In the first issue, we saw Roy Quinlan taking after his father, Emmett, who suffers from Alzheimer’s. Well that is until he holds a giant badass sword that seemed to fall from the sky, then he remembers everything. It is a clever plot device that is similar to the classic story of Thor, the god of thunder we all know, but it tells it with a twist. Without the sword, Emmett will return to his days of forgetfulness, fits of anger, and lose everything that makes him who he is. There are some truly touching moments in this book that I loved. From seeing him holding his granddaughter in a tight embrace, to remembering Roy, his son, and perhaps the most powerful scene of all, remembering the loss and memories of his wife. As he explains to a god who comes for the sword, these memories belong to him, even the painful ones. As Emmet says, he should be able to remember the girl he loved.

This issue explains where the sword, or Valofax as it has been named, came from. The son of its creator, who goes by the name of Artistus arrives to take the sword back home to his father and gives us a lot of backstory of the weapon, as well as some foreshadowing of what may come if Emmet does not give it up. I really enjoyed the dialogue between a giant space knight and an old man from Texas. Donny Cates keeps the conversations strangely believable considering the context of who is talking. Emmet is charming, and I am already rooting for him. I can empathize why he would want to keep the sword, no matter who will come for him. He is a man near the final years of his life, and has just regained his ability to remember his children, his grandchildren, his wife, and so much more. I believe that most of us may take on a god to risk keeping the things that matter most when you are near the end of your days, your memories. Especially when they are of those that you love so dearly.


Variant Cover

Geoff Shaw has a really cool sketch pencil style that Jason Wordie adds a colored pencil look on top of. It works well for the story, in the same way, I said about the first issue, and all of the characters come to life off of the page. The bright sun and plains of Texas are done with justice, and the scene where Emmett rebuilds his house within seconds is as biblical as it is awesome. Even the subtle tears strolling down Emmett’s face works to push the narrative forward of not only a story of epic fantasy, but of an old man who is being gifted his memories again. It is a great balance the creators walk, and the art is a big part of it.

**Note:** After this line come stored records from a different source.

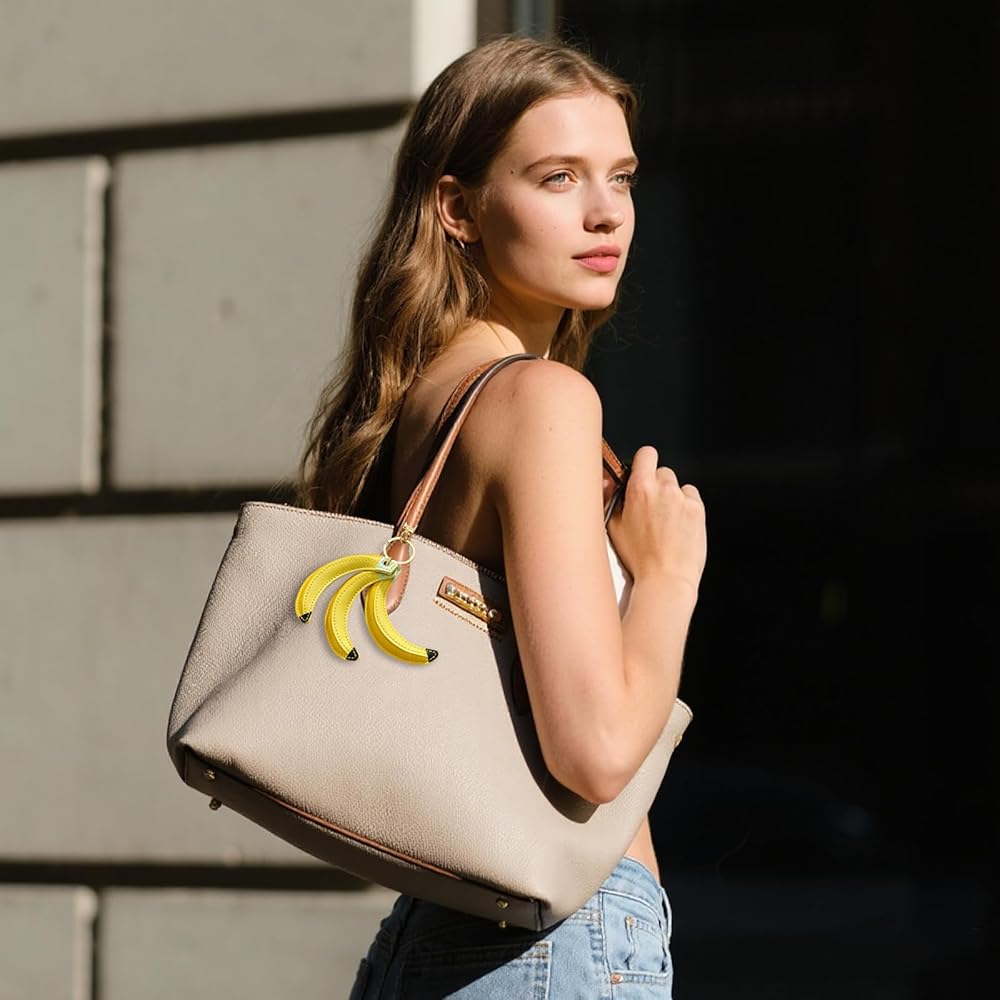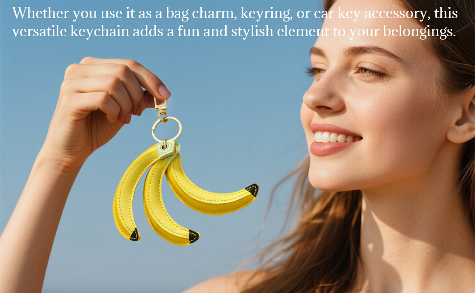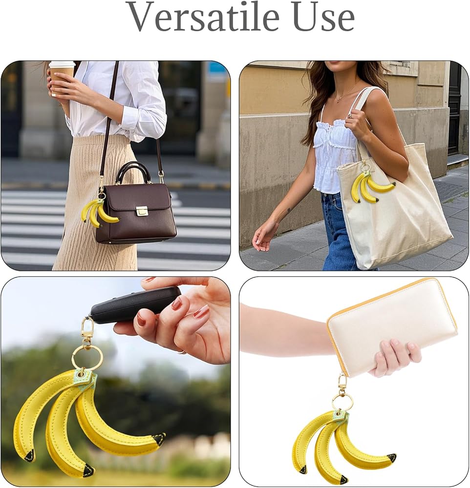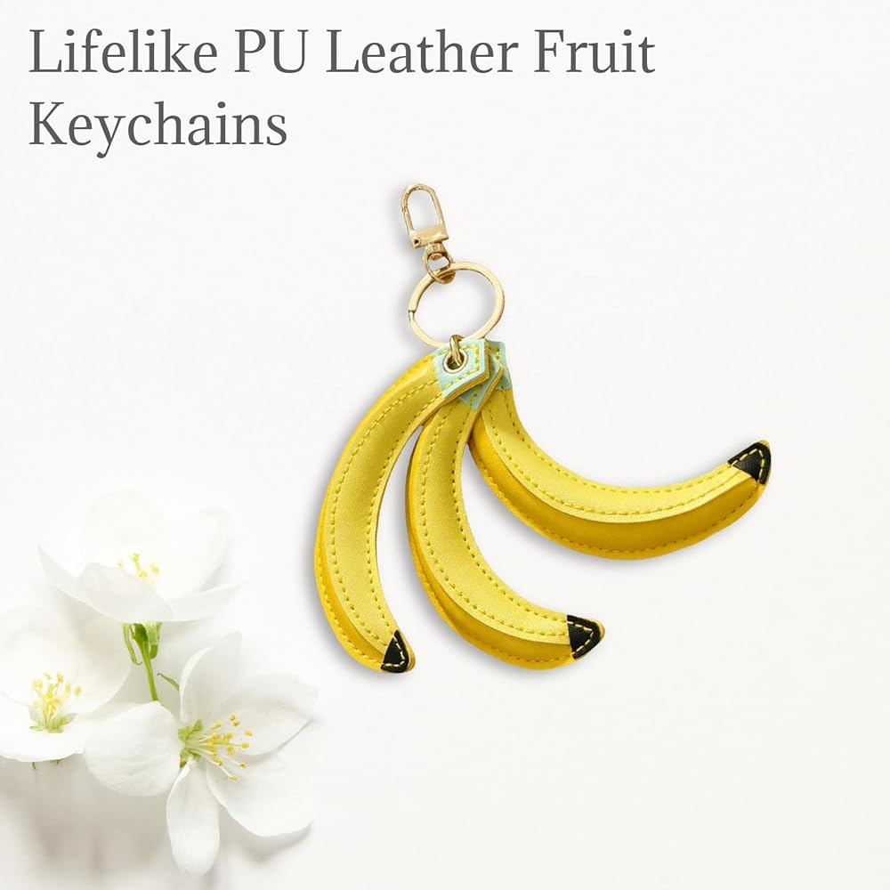 تصميم نابض بالحياة: تتميز كل سلسلة مفاتيح بثلاث حليات موزة مصنوعة بشكل فردي، مصممة لتبدو مثل الموز الحقيقي، مما يضيف لمسة من السحر الطبيعي إلى إكسسواراتك.
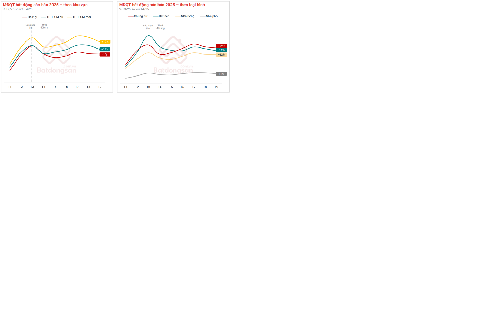 Dữ liệu lớn của nền tảng công nghệ Batdongsan.com.vn cho thấy thị trường bất động sản năm 2025 đang thiết lập nhịp tăng trưởng ổn định. Mức độ quan tâm bất động sản cuối quý 3/2025 tăng đáng kể so với tháng đầu quý 2/2025. Trong đó, chung cư tăng 22%, nhà riêng tăng 13%, nhà phố tăng 11%, riêng đất nền giảm 11%.
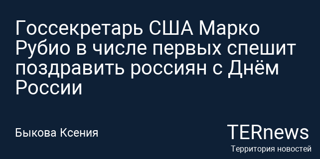 Госсекретарь США Марко Рубио в числе первых спешит поздравить россиян с Днём России. Сообщение появилось на сайте Госдепартамента.
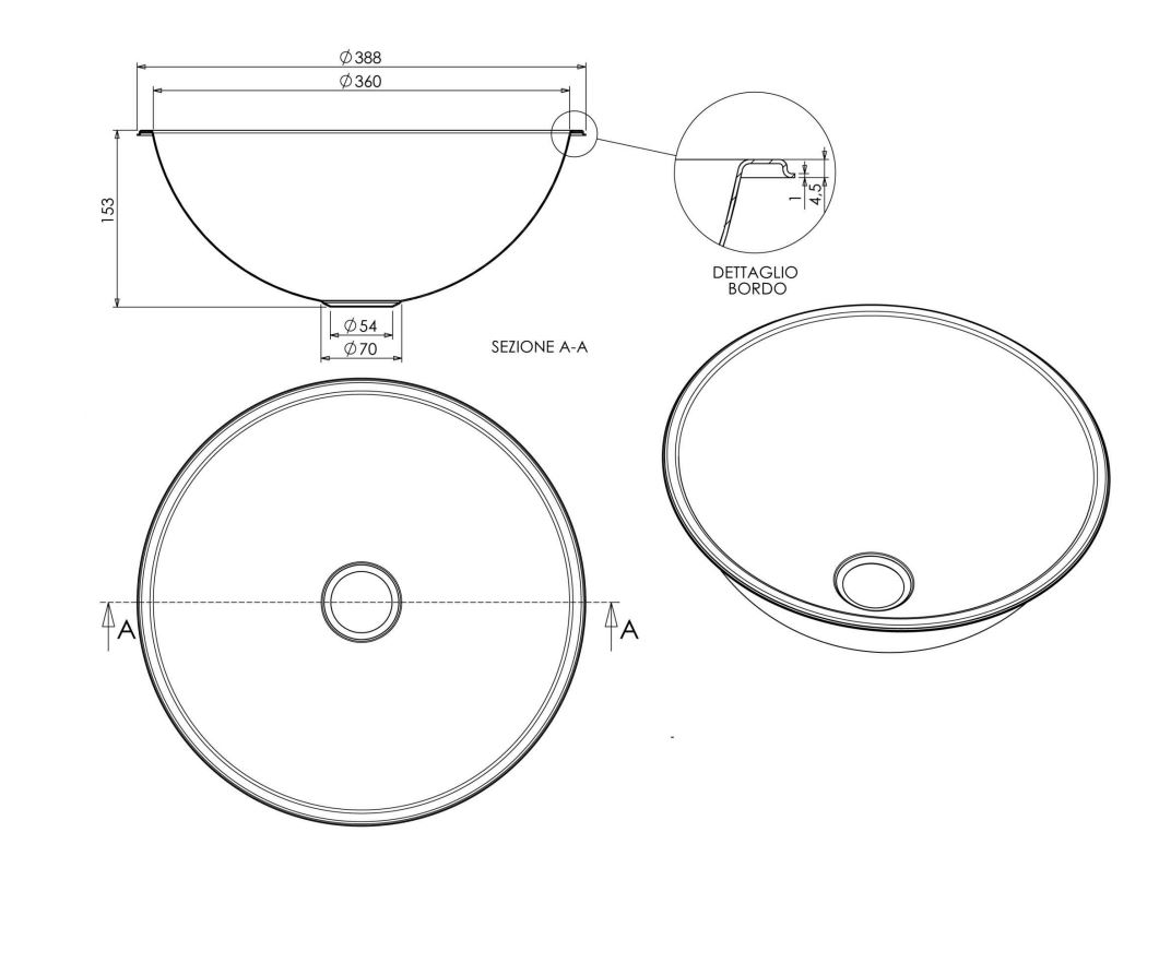 IPA 36x15 cm mélyhúzott szférikus kézmosó medence MESZ3615IPA
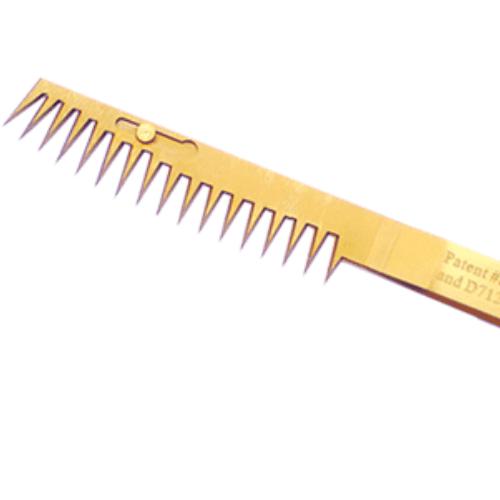 The Sabertooth blade features long, thin wide spaced teeth and a forward angled tip. The angled teeth at the tip are what allow for spot-on trimming permitting the plant to be manicured in a manner very similar to scissors in that it only removes the intended material while leaving the surrounding flower untouched.
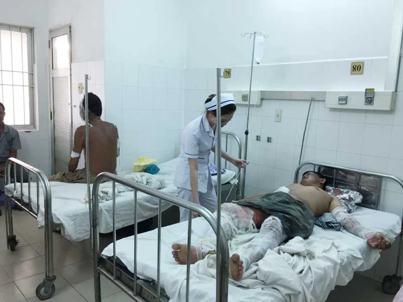 Một số nạn nhân vụ bỏng cồn ở đám cưới đang được điều trị tại BV đa khoa Trung ương TP Cần Thơ. Ảnh: CT
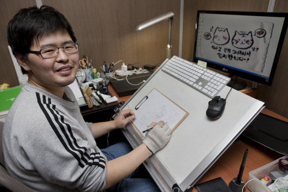 출판만화과정 수업을 들으며 그는 만화에 입문했다. 강사로 있던 이경석 작가에게 종종 콘티를 보여주었는데, 이 작가의 이사를 도와주러 갔다가 데뷔 전까지 그의 작업을 거들기로 했다. 그러다 한국만화영상진흥원에 같이 입주해 계속 작업에 손을 보탰고, ‘이제 내 만화도 그려야겠다’는 생각이 들었다. 맡은 일을 하며 틈틈이 그리려 하니 최대한 시간을 아껴야 했다. 시간을 들여 고민할 틈 없이 평소 구독하던 <한겨레21>에 실린 사람들 이야기를 소재로 삼았다. 색을 입히지 않고, 종이에 연필로 그림을 그렸다. 평소 동물을 좋아해 고양이를 주인공으로 내세웠다. 당시 고양이 만화가 인기가 많았던 영향도 있었다. “고양이 습성만 묘사해도 훌륭한 작품이 되는데, (본격 동물만화도 아니고) 왠지 야옹이만 있으면 심심할 것 같았어요. 흰둥이도 친구로 보태줬죠. 평소에 그림책 보는 것을 좋아하는데, 그림책 주인공 중에 동물들이 많더라고요. 동물이 주인공이면 감정이입도 잘되고 해서….” 그렇게 야옹이와 흰둥이가 탄생했다. 웹사이트 디시인사이드 만화 갤러리와 루리웹 만화게시판에 올리면 만화 좋아하는 사람들이 보고 댓글을 달기도 하고, 피드백이 있을 것이란 말에 그대로 실천해봤다. 반응이 기대 이상으로 폭발적이었다. 포털 사이트 다음에서 웹툰 연재 제안을 해왔다. 먼저는 흰둥이 캐릭터만 내세워 지난해 11월 <흰둥이>로 처음 정식 고료를 받고 만화를 세상에 내보이게 되었다. 올 2월에는 야옹이가 합세한 <야옹이와 흰둥이> 연재를 시작해 7월에 마쳤다. 꾸준한 인기는 출판으로도 이어졌다. 영상으로 만들어보자는 의뢰도 들어왔다.
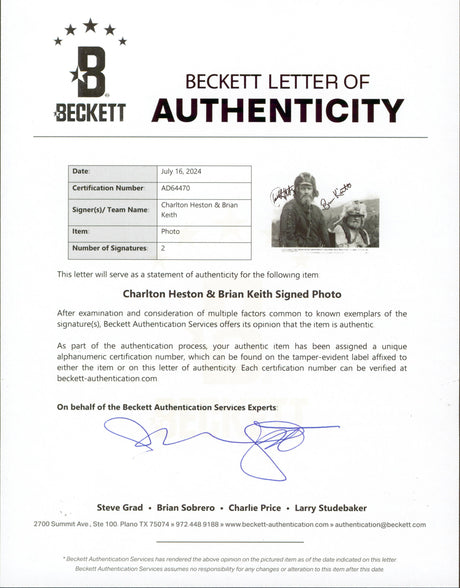 Charlton Heston & Brian Keith The Mountain Men Signed 8x10 Photo BAS #AD64470
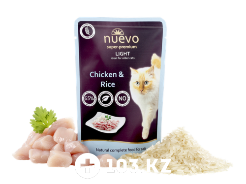Реализация товара Nuevo Light Chicken and Rice Nuevo в Алматы осуществляется только в стационарном торговом объекте по указанному адресу продавца. Информация о товарах и услугах на портале 103.kz носит справочный характер и не является публичной офертой.
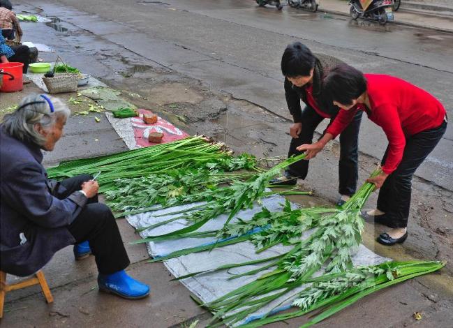 到了五月端阳,艾蒿、菖蒲、槐皮又上市了,城镇居民收藏晒干,熬水洗澡,可治皮肤骚痒。
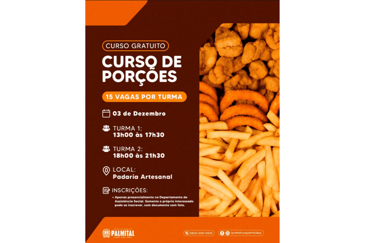 A Prefeitura de Palmital anunciou a abertura de um curso gratuito voltado ao preparo de porções práticas, destinado a moradores interessados em adquirir novas habilidades culinárias e ampliar oportunidades de renda. As aulas acontecem no dia 3 de dezembro, na Padaria Artesanal, com duas turmas disponíveis: das 13h às 17h30 e das 18h às 21h30. Cada turma terá 15 vagas.
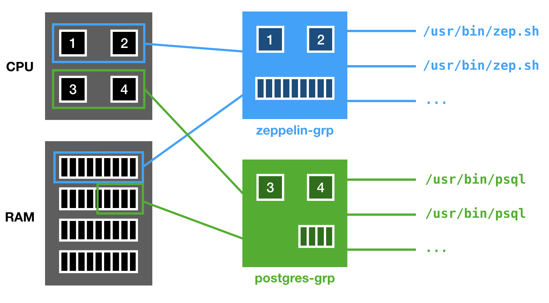 All Zeppelin notebooks started in the zeppelin-grp will utilize only core 1 and 2, while the PostgreSQL processes share core 3 and 4. Same applies to the memory. Cgroups are one important building block in container isolation as they allow hardware resource isolation.
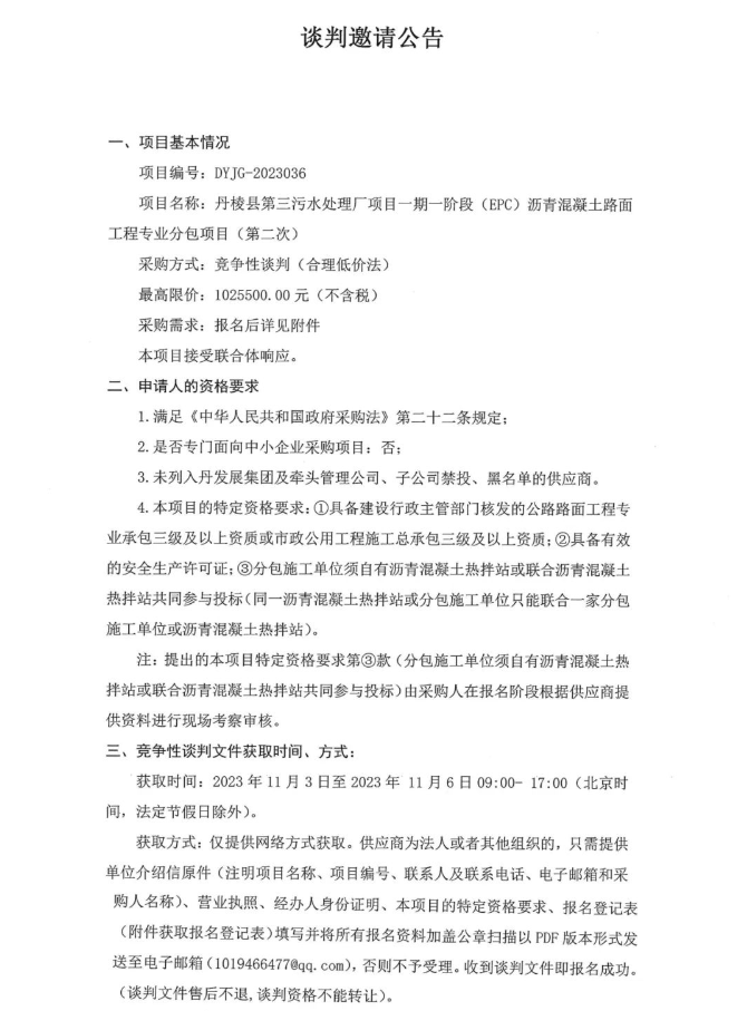 丹棱縣第三污水處理廠項(xiàng)目一期一階段(EPC)瀝青混凝土路面工程專業(yè)分包項(xiàng)目(第二次)談判邀請(qǐng)公告
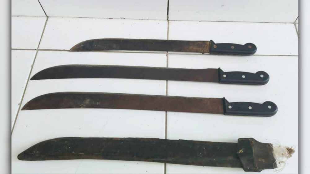 Com as informações repassadas, a equipe foi até a casa do suspeito e conseguiu abordá-lo. O homem estava com três facões na bainha, presa no cinto. Outro facão foi encontrado e apreendido no local da abordagem.
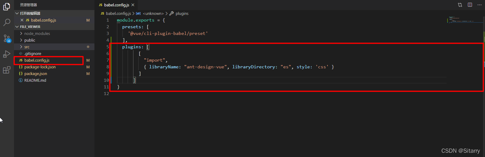 2.1 在 babel.config.js 配置文件中加入下面的配置代码,其中 style 的值可以是 true: 表示自动引入样式文件,默认为 less,css: 表示引入 css 样式文件,less: 表示引入 less 样式文件

This is a story about a man with a sword who will face gods and demons alike. It is also a story about a man who is reconnecting with his family again. Those two things work well together because it is apparent that they will come to a head at some point. Emmett is the only one with these powers that Valofax gives, so will these gods and demons come for his kin? What sacrifices will he have to do to keep Valofax, and how far is he willing to go before he gives it up? I cannot wait to find out those answers. Grab this comic now while it is early in the series. God Country #2 is fresh, and original, and Emmett is simply awesome.